#### MATERIAL FOR THIS TASK ####

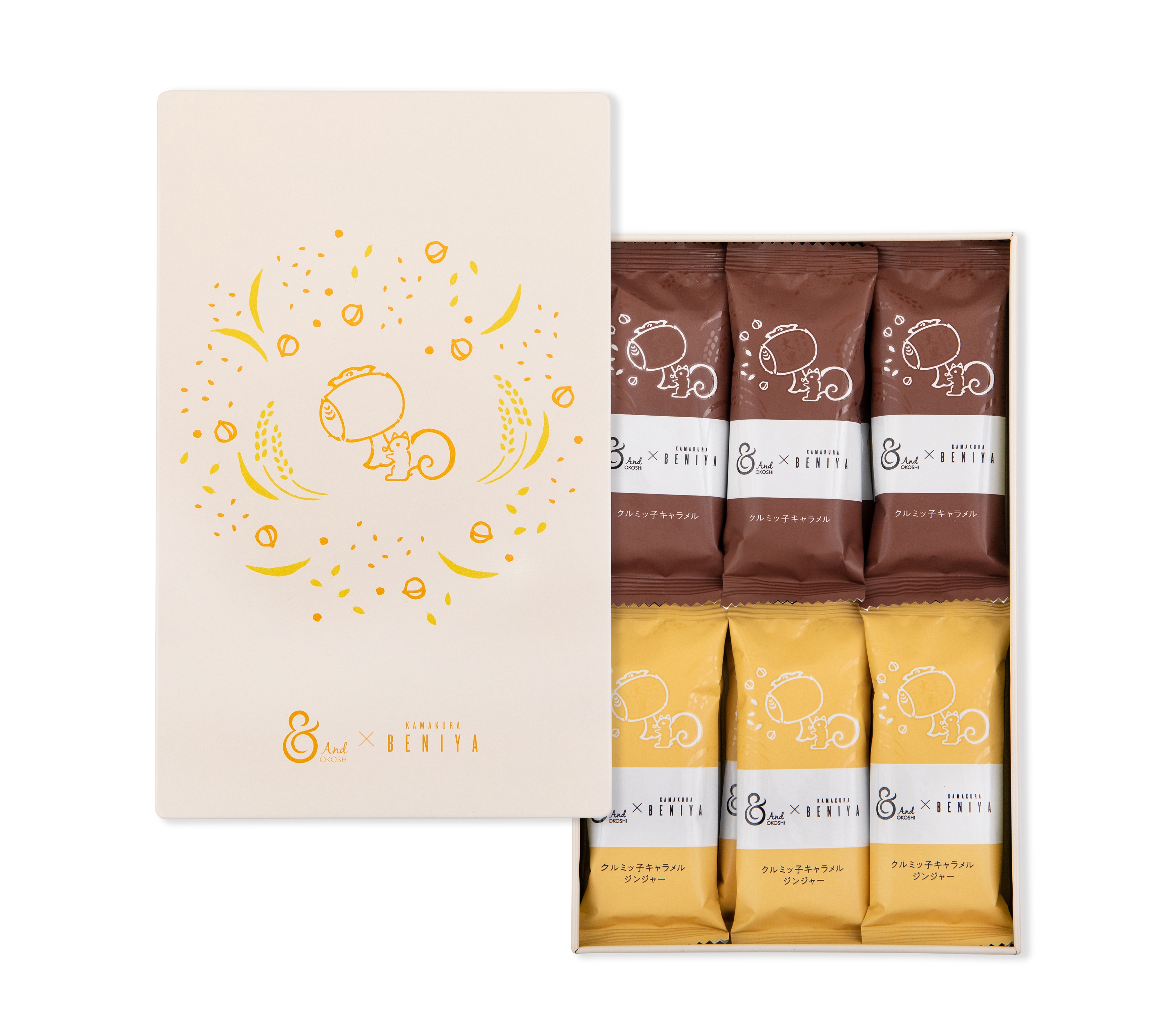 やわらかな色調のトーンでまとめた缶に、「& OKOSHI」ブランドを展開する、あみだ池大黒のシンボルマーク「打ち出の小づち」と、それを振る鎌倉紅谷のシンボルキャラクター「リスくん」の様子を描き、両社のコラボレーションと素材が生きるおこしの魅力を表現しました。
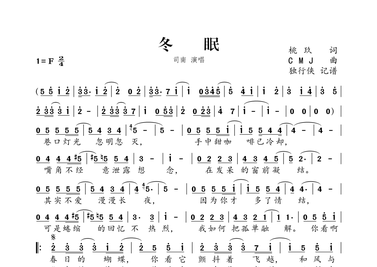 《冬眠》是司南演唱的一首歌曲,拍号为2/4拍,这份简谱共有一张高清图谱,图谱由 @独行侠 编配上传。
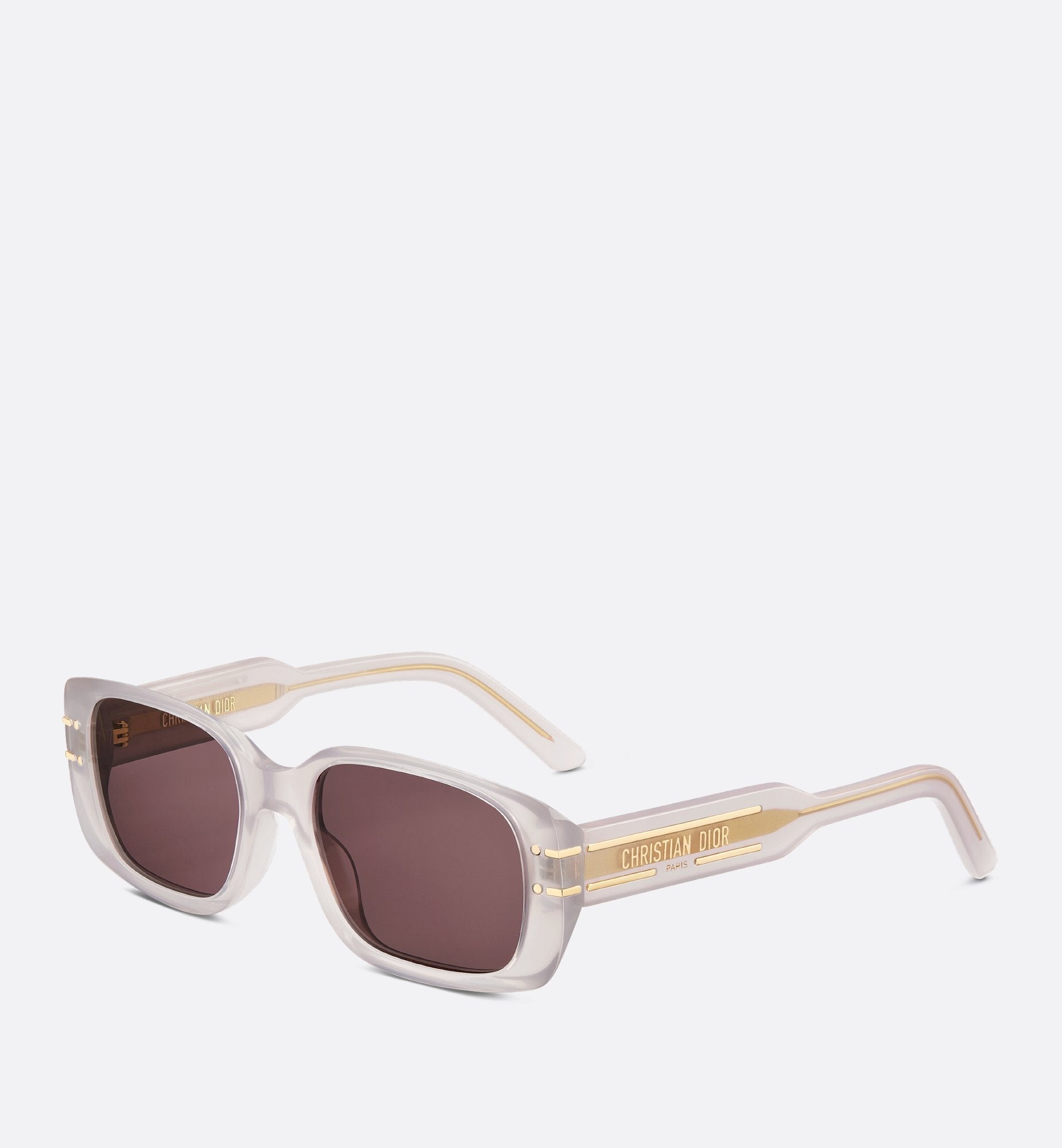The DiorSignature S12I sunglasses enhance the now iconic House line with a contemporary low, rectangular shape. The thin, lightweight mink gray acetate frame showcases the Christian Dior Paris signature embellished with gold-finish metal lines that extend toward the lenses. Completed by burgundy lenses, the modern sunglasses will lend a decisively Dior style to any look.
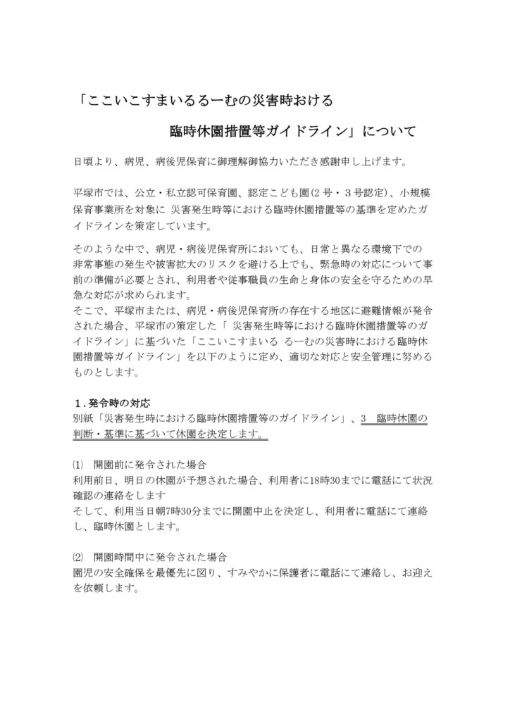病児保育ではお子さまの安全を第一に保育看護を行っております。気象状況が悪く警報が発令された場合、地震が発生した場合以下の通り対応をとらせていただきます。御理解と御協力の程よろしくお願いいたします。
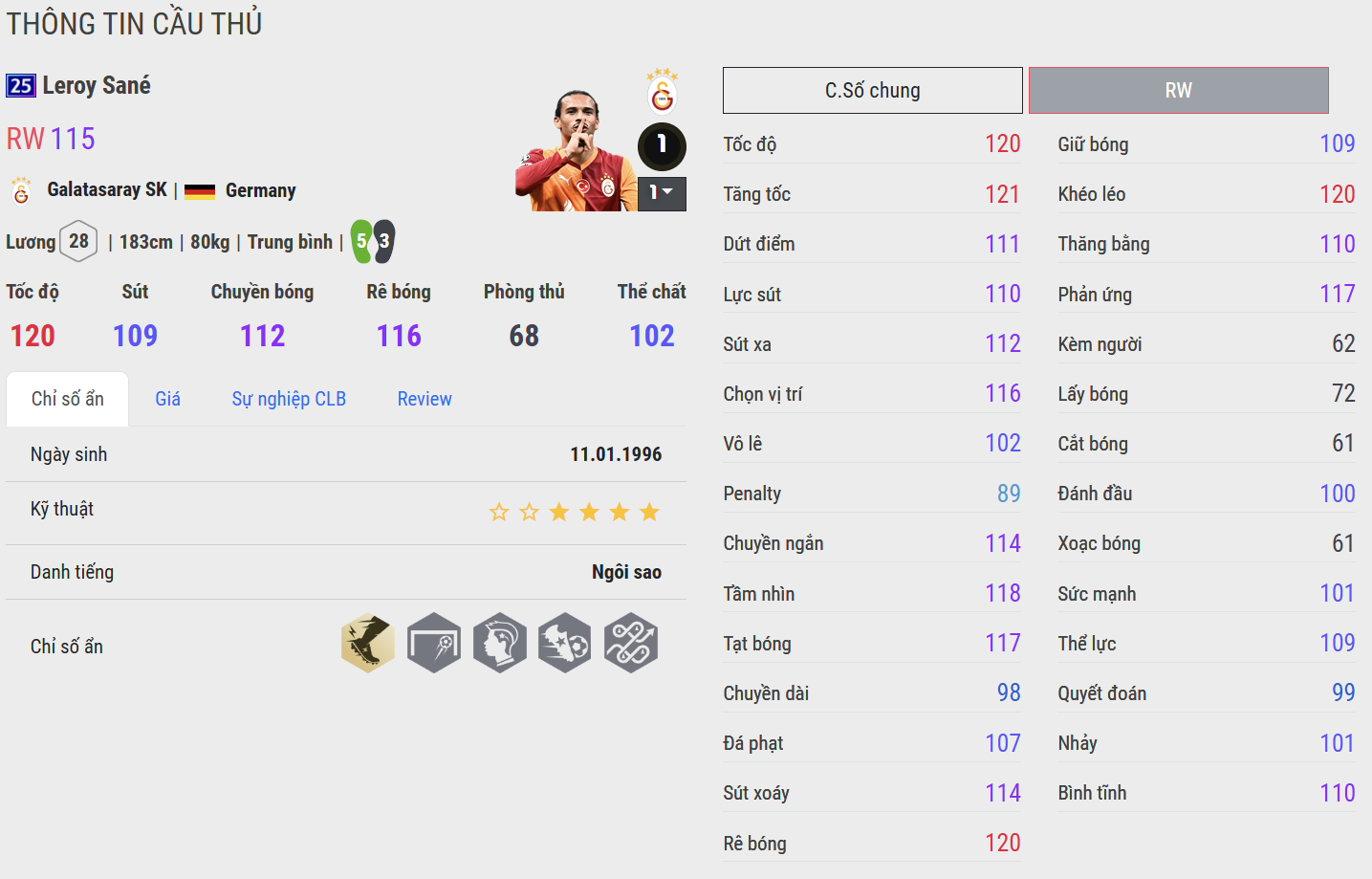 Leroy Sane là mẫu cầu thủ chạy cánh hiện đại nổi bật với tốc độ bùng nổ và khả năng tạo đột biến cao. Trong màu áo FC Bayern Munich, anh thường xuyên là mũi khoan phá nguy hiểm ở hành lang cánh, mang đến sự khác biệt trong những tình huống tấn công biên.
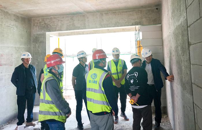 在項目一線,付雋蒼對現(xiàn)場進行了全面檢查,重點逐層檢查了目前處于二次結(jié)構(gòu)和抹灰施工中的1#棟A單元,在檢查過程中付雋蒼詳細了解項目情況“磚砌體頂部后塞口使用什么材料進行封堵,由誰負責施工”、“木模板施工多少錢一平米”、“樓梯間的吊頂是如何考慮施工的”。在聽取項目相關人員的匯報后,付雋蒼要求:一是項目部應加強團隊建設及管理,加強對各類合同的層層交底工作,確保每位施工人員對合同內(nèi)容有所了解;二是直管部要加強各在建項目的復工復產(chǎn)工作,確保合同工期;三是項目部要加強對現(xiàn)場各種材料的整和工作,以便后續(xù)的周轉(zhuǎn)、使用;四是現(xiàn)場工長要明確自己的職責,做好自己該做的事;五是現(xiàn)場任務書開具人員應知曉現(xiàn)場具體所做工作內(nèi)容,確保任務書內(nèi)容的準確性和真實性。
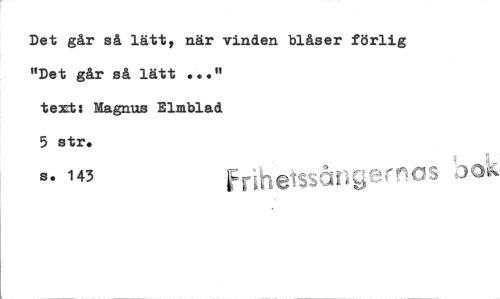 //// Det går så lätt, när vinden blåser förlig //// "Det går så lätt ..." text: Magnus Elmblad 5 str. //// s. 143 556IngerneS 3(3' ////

####

TASK OBJECTIVE: Above are the records; print them all exactly and keep the pictures out.

RESULT:
 やわらかな色調のトーンでまとめた缶に、「& OKOSHI」ブランドを展開する、あみだ池大黒のシンボルマーク「打ち出の小づち」と、それを振る鎌倉紅谷のシンボルキャラクター「リスくん」の様子を描き、両社のコラボレーションと素材が生きるおこしの魅力を表現しました。
 《冬眠》是司南演唱的一首歌曲,拍号为2/4拍,这份简谱共有一张高清图谱,图谱由 @独行侠 编配上传。
The DiorSignature S12I sunglasses enhance the now iconic House line with a contemporary low, rectangular shape. The thin, lightweight mink gray acetate frame showcases the Christian Dior Paris signature embellished with gold-finish metal lines that extend toward the lenses. Completed by burgundy lenses, the modern sunglasses will lend a decisively Dior style to any look.
病児保育ではお子さまの安全を第一に保育看護を行っております。気象状況が悪く警報が発令された場合、地震が発生した場合以下の通り対応をとらせていただきます。御理解と御協力の程よろしくお願いいたします。
 Leroy Sane là mẫu cầu thủ chạy cánh hiện đại nổi bật với tốc độ bùng nổ và khả năng tạo đột biến cao. Trong màu áo FC Bayern Munich, anh thường xuyên là mũi khoan phá nguy hiểm ở hành lang cánh, mang đến sự khác biệt trong những tình huống tấn công biên.
 在項目一線,付雋蒼對現(xiàn)場進行了全面檢查,重點逐層檢查了目前處于二次結(jié)構(gòu)和抹灰施工中的1#棟A單元,在檢查過程中付雋蒼詳細了解項目情況“磚砌體頂部后塞口使用什么材料進行封堵,由誰負責施工”、“木模板施工多少錢一平米”、“樓梯間的吊頂是如何考慮施工的”。在聽取項目相關人員的匯報后,付雋蒼要求:一是項目部應加強團隊建設及管理,加強對各類合同的層層交底工作,確保每位施工人員對合同內(nèi)容有所了解;二是直管部要加強各在建項目的復工復產(chǎn)工作,確保合同工期;三是項目部要加強對現(xiàn)場各種材料的整和工作,以便后續(xù)的周轉(zhuǎn)、使用;四是現(xiàn)場工長要明確自己的職責,做好自己該做的事;五是現(xiàn)場任務書開具人員應知曉現(xiàn)場具體所做工作內(nèi)容,確保任務書內(nèi)容的準確性和真實性。
 //// Det går så lätt, när vinden blåser förlig //// "Det går så lätt ..." text: Magnus Elmblad 5 str. //// s. 143 556IngerneS 3(3' ////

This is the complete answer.